Спросить о том, над чем работает сейчас сам Турбович и о чем написано в его собственной книге, Яков постеснялся.
Снег лег на землю плотно и прочно. Солнце уже ничего не могло с ним поделать. А зима продолжала щедро сыпать снегом на поля, на леса, на город.
От Володи приходили короткие письма в несколько строк: «Жив, здоров, немцев бьем крепко, насмерть…»
А в последнем письме вдруг неожиданная просьба:
«Мама! Ты мне когда-то писала об одной девушке, которая помогла вам спасти Яшу и ухаживать за ним при выздоровлении. Ее зовут Ириной. Передай ей мой адрес и скажи, что я очень просил ее черкнуть пару слов. Так и скажи: очень просил…».

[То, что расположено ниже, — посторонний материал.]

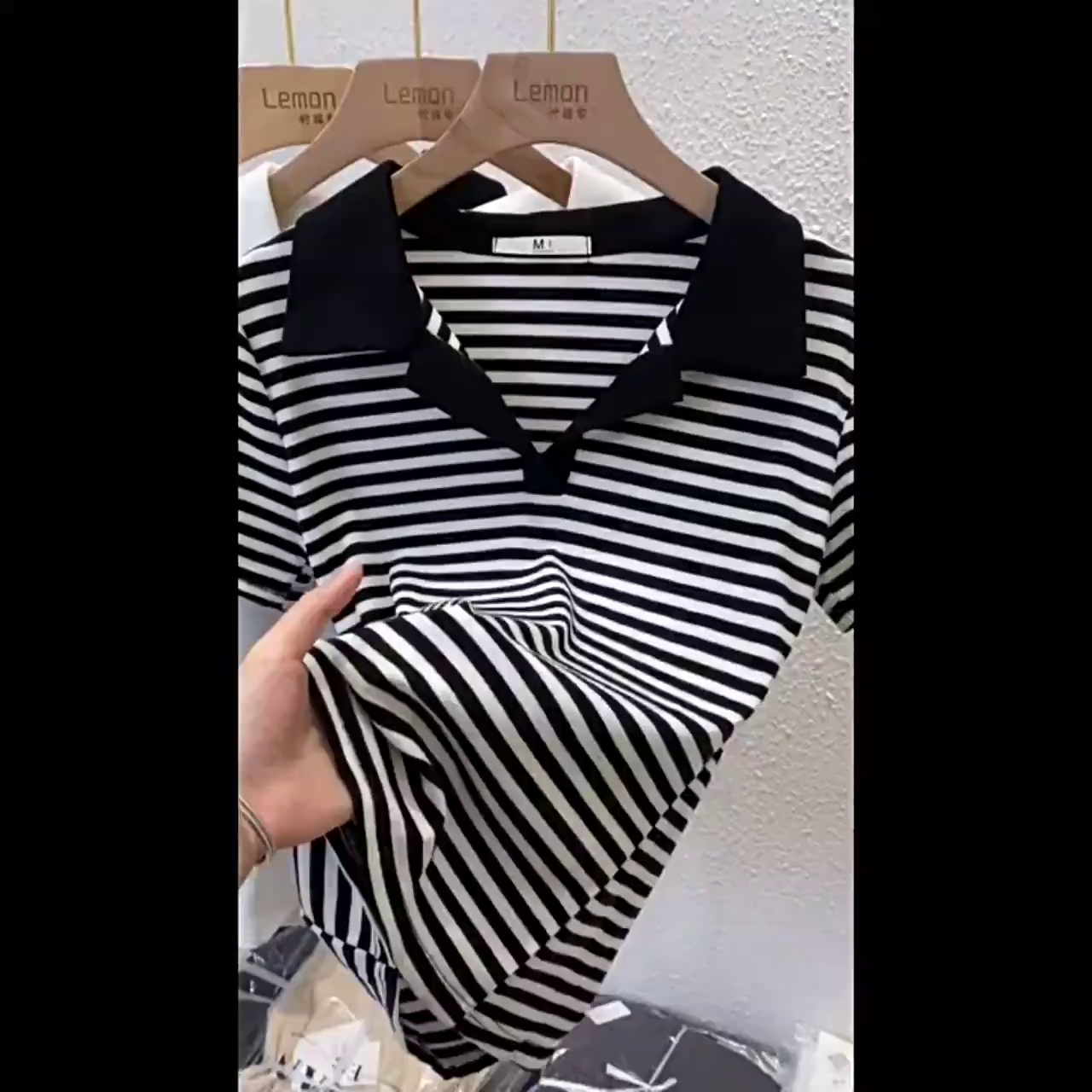 洋气百搭POLO领短袖条纹t恤女2023秋装新款小众设计感辣妹上衣ins 投诉

— Вот только когда заинтересовался, — сказала Анна Матвеевна. — Уж сколько я ему об Ирочке в письмах писала, сколько о ней порассказывала.
— А теперь я расскажу, — произнес Яша.
— Адрес-то ее неизвестен…
— Ничего.
Однако вспышка гнева против брата улеглась, едва Яков написал первые строчки ответа. Володя сражался, все время рисковал своей жизнью. Уместно ли сейчас напоминать ему о нечестном отношении к Ирине в прошлом и назвать его негодяем? С чего это ему вдруг потребовался адрес Ирины? Может быть, он раскаялся в своем поступке и хочет попросить прощения у девушки?
Письмо не получалось. Мешали воспоминания. Они всплывали, волнующие, вызывали тоску по Ирине. С болью в сердце ощутил Яков, какая огромная пустота образовалась рядом с ним. Нет, по Володе он так не тосковал, этого уж никак не скроешь.
«Адреса Ирины мы сообщить не можем, — написал Яша, — потому что сами его не знаем. Ира на фронте, может быть, совсем неподалеку от тебя. Однажды ты ее потерял, вот теперь и найди, если она тебе действительно дорога…».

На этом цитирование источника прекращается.